Hailed as the French Riviera of the East, Pondicherry, or Puducherry as it is officially known, has a population of about seven lakh and attracts a million tourists—a tenth of them foreigners—every year. In January, it hosted filmmaker Ang Lee and his crew, who shot a part of the film Life of Pi here. Hardly a decadent holiday destination, there is a restrained romance about Pondicherry, and it stems at least in part from its French heritage. Fifty years have passed since France effectively gave up Pondicherry to the Union of India in a Treaty of Cession ratified on August 16, 1962. Today, people seek out a bygone era in its restored buildings and boulevards, its Indianised coq au vin and bouillabaisse.
"Jawaharlal Nehru, back in his day, wanted the city to be a window to France, but it was only about five years ago that the Pondicherry government realised the French touch was a unique proposition," says Claude Arpi, a French-born writer based in Auroville, a township on the fringes of Pondicherry, for over three decades. Established by philosopher Sri Aurobindo's French disciple Mirra Alfassa, "The Mother", in 1968, Auroville, part of Tamil Nadu's Villupuram district, was envisaged as an idealistic global community of 50,000 residents. Today, 3,000 people from 35 countries live here. Aurobindo himself spent the last 40 years of his life in Pondicherry, where his ashram has since grown in size and influence.

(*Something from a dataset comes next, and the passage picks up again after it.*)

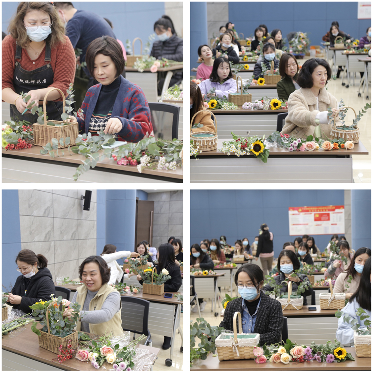 隨后,在花藝?yán)蠋煹南ば闹笇?dǎo)下,女職工們通過自己靈巧的雙手,學(xué)動作、剪枝芽、插花籃,自由發(fā)揮進(jìn)行創(chuàng)意制作。活動現(xiàn)場彌漫著濃郁的鮮花香味,洋溢著陣陣歡聲笑語,大家體驗(yàn)著動手制作的樂趣,創(chuàng)作了一個個精品的花藝手工作品,紛紛手捧花籃,留下美麗的瞬間,分享著溫馨甜蜜的時光。

For all its spiritual heritage, however, Pondicherry missed the freedom boat by years. Eight years after India and France entered into an agreement of cession in 1954, the former colony was finally absorbed into India, bundled along with three other unlikely French enclaves — Karaikal, Yanam and Mahe— into the Union Territory of Puducherry. The people of Pondicherry were offered a choice, the last of many choices during the town's intermittent history of French occupation through three centuries: to remain Indian or to become French nationals. Educated in French and lured by the promise of a European lifestyle, many welcomed this offer. A period of flux ensued, where most of the nouveau French moved to France and Indians from adjoining Tamil Nadu migrated to this curiously foreign town with well-developed infrastructure and educational institutions.